Contoso Labs-Fabric Choices (Storage)
Contoso Labs Series - Table of Contents
The first step on the way to defining our architecture is designing our fabric. That involves taking the goals, users, services, and resources we talked about in previously, and then figuring out the optimal deployment configuration.
Storage Choices Came First
It quickly became apparent in our discussions that storage was going to be the issue that drove most of our choices. There are many options available out there, with varying levels of complexity, performance, availability, and costs. We had to decide which configurations made the most sense, plus the kind of sacrifices to make and risks to take.

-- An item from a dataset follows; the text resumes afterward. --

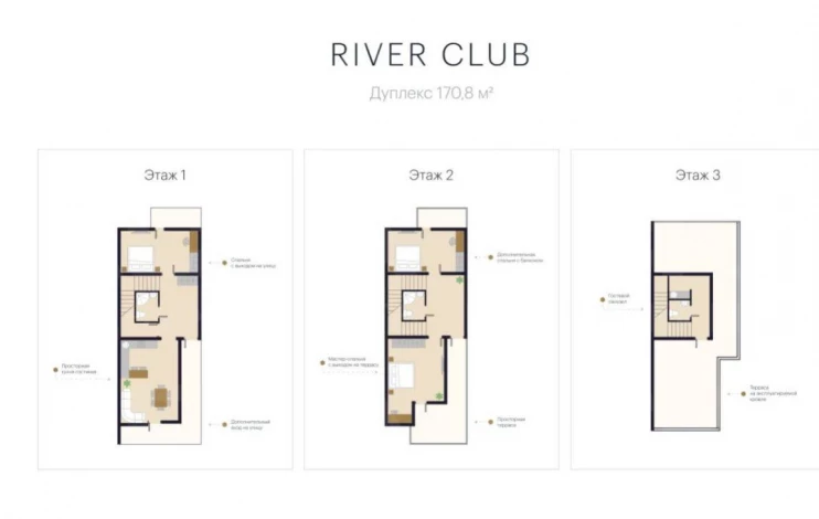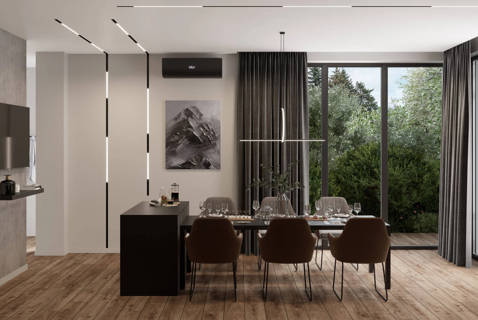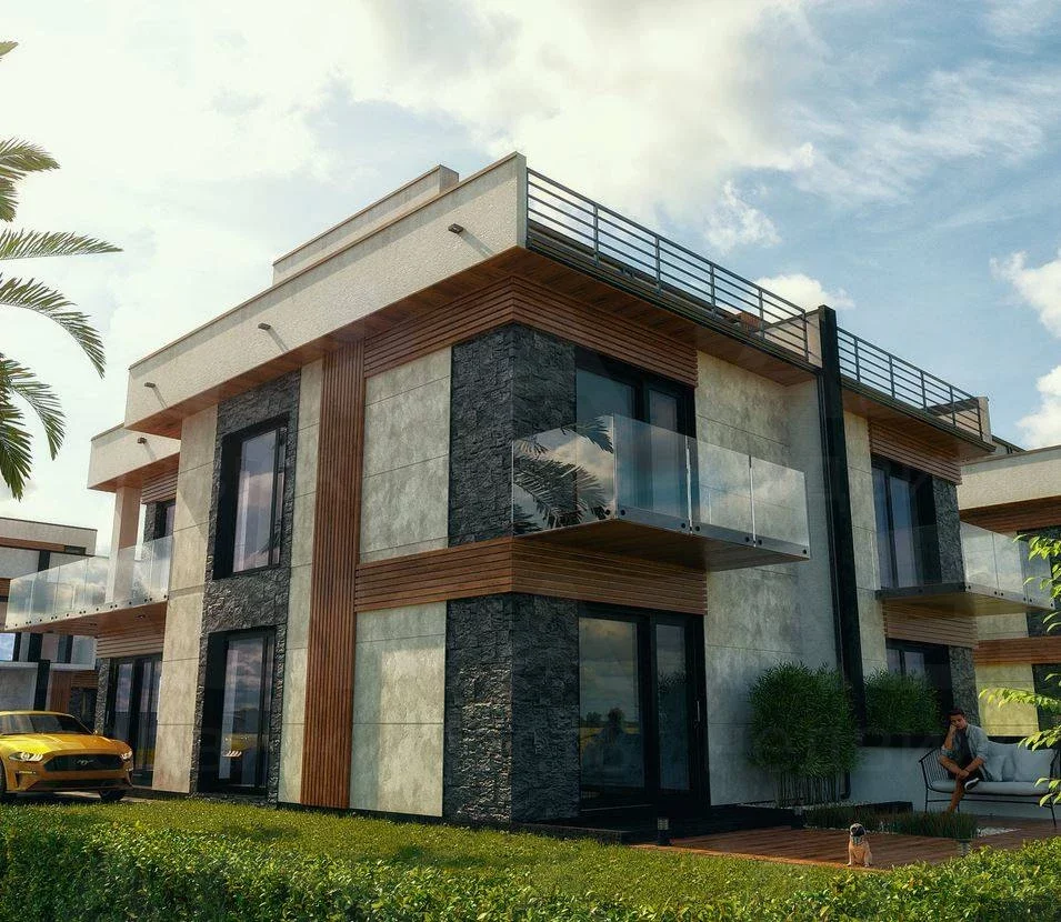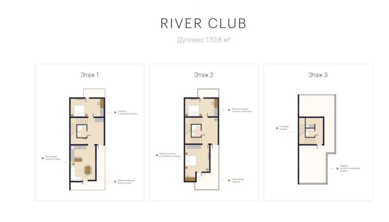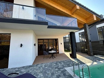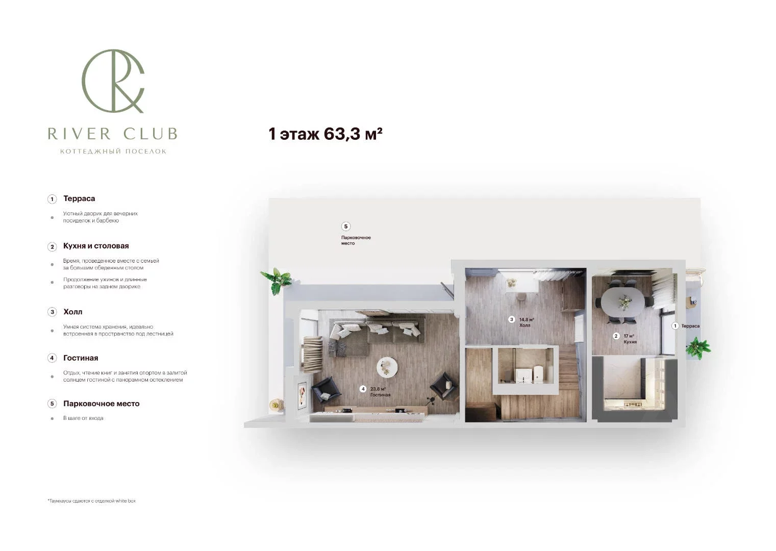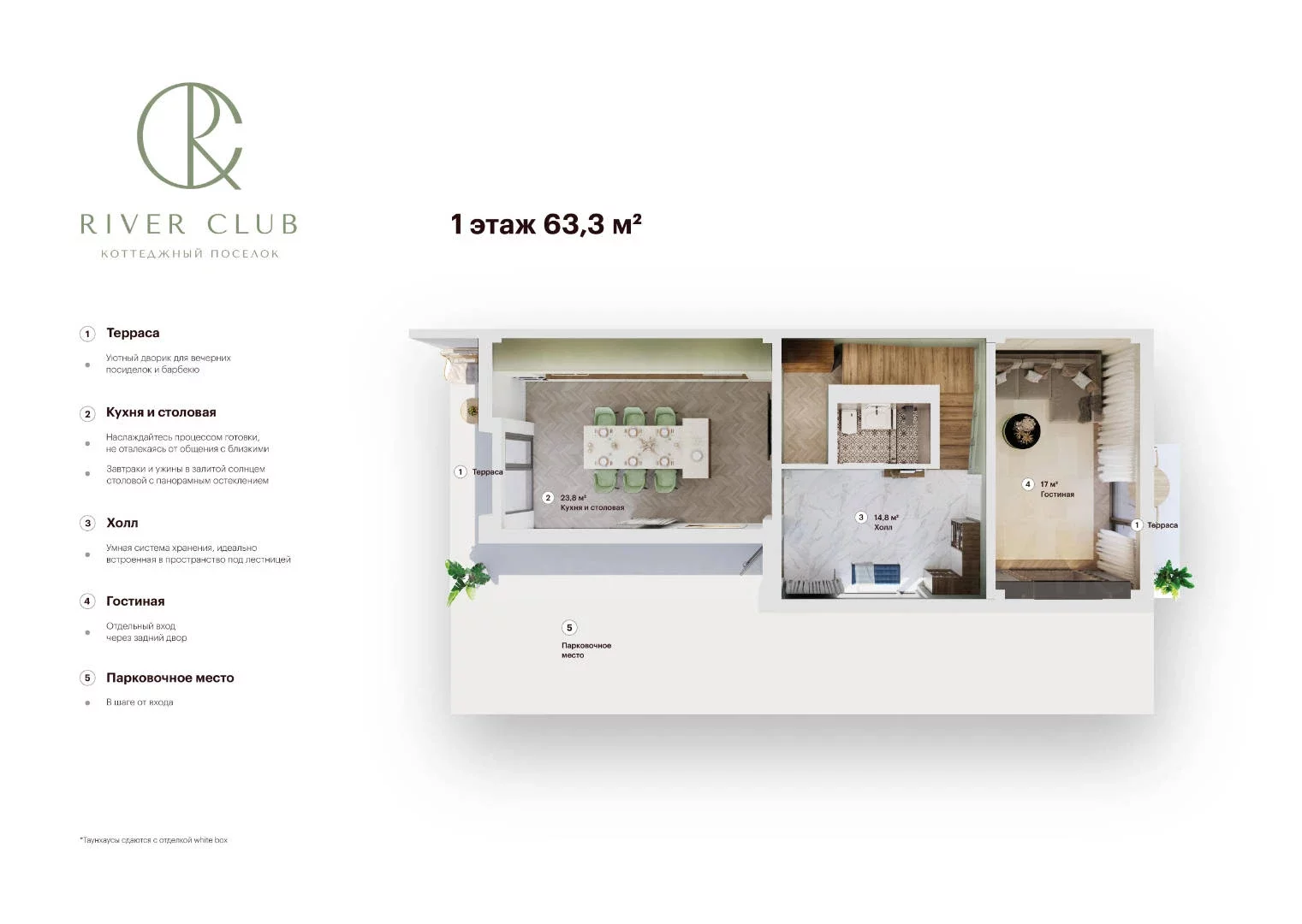 Посёлок благоустроен всем необходимым для приятного отдыха: восемь приватных зон с беседками, продуманный ландшафтный дизайн с зелёными газонами и декоративными растениями, детская и спортивная площадки, корт для большого тенниса, спортивный бассейн 20×10 метров, подогреваемый бассейн 10×5 метров, зона отдыха с шезлонгами, ресторан, спортзал, SPA, баня на дровах со своей заводью, брусчатая набережная 450 метров для прогулок вдоль реки. Посёлок представляет из себя комплекс коттеджей бизнес-класса, разделённых на дуплексы, к каждому из которых полагается 2 индивидуальных парковочных места и теневая приватная терраса. У каждого дома своя эксплуатируемая кровля, которая идеальна для отдыха: здесь можно загорать, встречать рассветы и провожать закаты, наслаждаясь красотой ландшафта, горным воздухом и премиальным комфортом, а также можно разместить джакузи или же барбекю. В отделке вентилируемых фасадов используются премиальные технологичные материалы японской фирмы KMEW, полностью повторяющие фактуру натуральных материалов: дерево, мрамор и камень. Панорамные окна с графитовым напылением обеспечивают обильное естественное освещение, меж тем не перегревают дом солнечными лучами.

To begin with, we needed to identify the characteristics of our workload. Based on experience and our user base, we knew the general profile of what our storage needed to look like. We're not hosting production workload VMs that need to support hundreds or thousands of users. These VMs are used for learning and demonstration purposes, not hosting data. That made our lives simpler by boiling our storage requirements down to: 1) Support some serious IOPS. 2) Reasonably light overall capacity.
This immediately ruled out SANs. The types of SANs that support high-IOPS workloads tend not to be the cheap entry level kind, but the big ones that come with a commensurate price tag. That meant we were going shopping for Windows Storage Spaces capable JBOD's, and using the advanced storage features we shipped in Windows Server 2012 R2, like data tiering. That let us concentrate our limited budget on the high cost items which gave us the biggest return on our dollars: SSDs.
Scale-Out File Server to the Rescue
That decision meant we'd be using Server 2012 R2 storage services to provide access to the nodes. While iSCSI is a possibility, we strongly believe that the Scale-Out File Server is the future of storage services in a Microsoft cloud, and designed around that. The continuous availability features of SOFS and SMB 3.0 make for a powerful storage solution that addressed our needs perfectly.
This choice gave us the added benefit of being able to use a converged fabric design, where one set of cables (Ethernet) provides all of the storage, management, and tenant traffic, load balanced and on the same wires. A cost-saving benefit of a converged design was avoiding the purchase 288 FibreChannel HBAs, a cost which would have stopped our deployment in its tracks.
It's worth noting right up front that most of the time, you're going to want a complete solution from a vendor you trust, rather than building the one we'll lay out in upcoming posts. If a complete single-vendor solution that met all of our needs was available at the time we had to commit to purchasing, we might have gone for it. As it stands, we built our own and will pass our experience along to you!